WHAT IS BEING ASKED
From the first line to the last, repeat the data exactly but leave out the pictures.

(THE DATA)

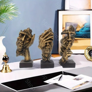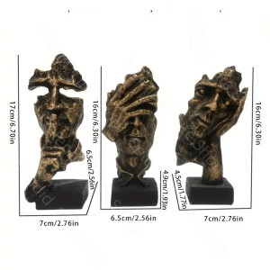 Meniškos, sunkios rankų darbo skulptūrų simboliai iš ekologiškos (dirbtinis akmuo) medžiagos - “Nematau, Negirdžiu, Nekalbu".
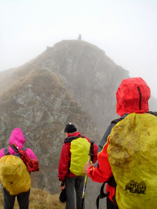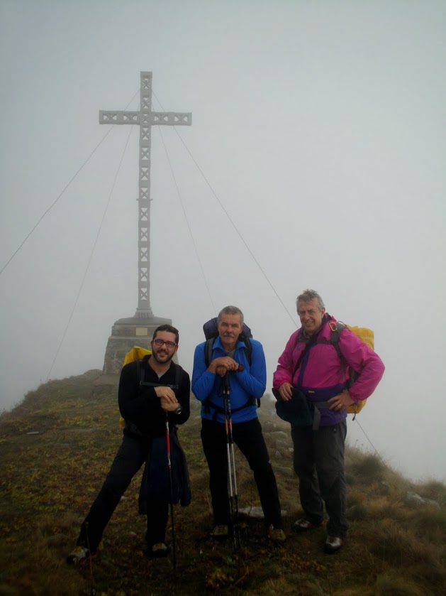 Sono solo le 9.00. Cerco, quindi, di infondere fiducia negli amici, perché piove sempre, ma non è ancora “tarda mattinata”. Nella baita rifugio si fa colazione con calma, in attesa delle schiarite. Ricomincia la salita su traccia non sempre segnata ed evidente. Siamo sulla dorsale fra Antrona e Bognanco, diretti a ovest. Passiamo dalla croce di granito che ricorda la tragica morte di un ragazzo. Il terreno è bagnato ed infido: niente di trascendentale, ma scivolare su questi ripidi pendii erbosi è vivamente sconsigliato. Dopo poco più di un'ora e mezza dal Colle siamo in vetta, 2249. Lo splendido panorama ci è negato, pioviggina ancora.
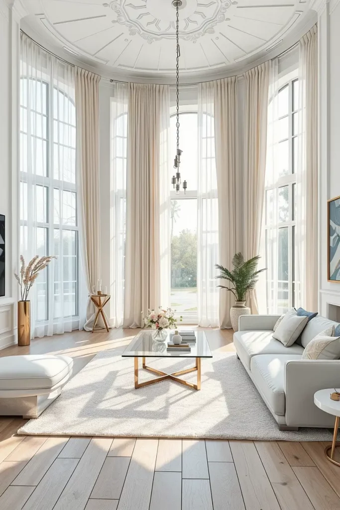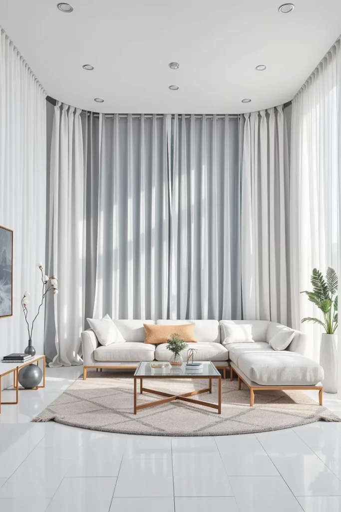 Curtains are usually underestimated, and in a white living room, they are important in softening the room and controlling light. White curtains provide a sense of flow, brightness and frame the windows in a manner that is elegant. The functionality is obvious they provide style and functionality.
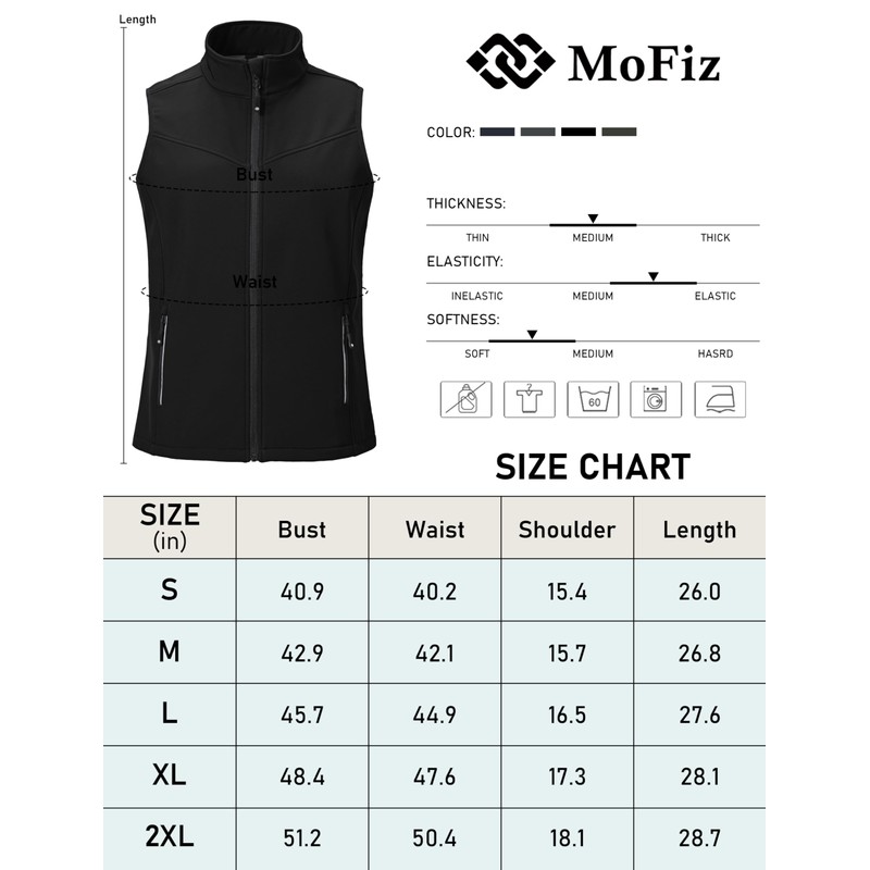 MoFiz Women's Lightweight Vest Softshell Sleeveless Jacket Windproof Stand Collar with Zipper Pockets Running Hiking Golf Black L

(End THE DATA)

WRITTEN SOLUTION
 Meniškos, sunkios rankų darbo skulptūrų simboliai iš ekologiškos (dirbtinis akmuo) medžiagos - “Nematau, Negirdžiu, Nekalbu".
 Sono solo le 9.00. Cerco, quindi, di infondere fiducia negli amici, perché piove sempre, ma non è ancora “tarda mattinata”. Nella baita rifugio si fa colazione con calma, in attesa delle schiarite. Ricomincia la salita su traccia non sempre segnata ed evidente. Siamo sulla dorsale fra Antrona e Bognanco, diretti a ovest. Passiamo dalla croce di granito che ricorda la tragica morte di un ragazzo. Il terreno è bagnato ed infido: niente di trascendentale, ma scivolare su questi ripidi pendii erbosi è vivamente sconsigliato. Dopo poco più di un'ora e mezza dal Colle siamo in vetta, 2249. Lo splendido panorama ci è negato, pioviggina ancora.
 Curtains are usually underestimated, and in a white living room, they are important in softening the room and controlling light. White curtains provide a sense of flow, brightness and frame the windows in a manner that is elegant. The functionality is obvious they provide style and functionality.
 MoFiz Women's Lightweight Vest Softshell Sleeveless Jacket Windproof Stand Collar with Zipper Pockets Running Hiking Golf Black L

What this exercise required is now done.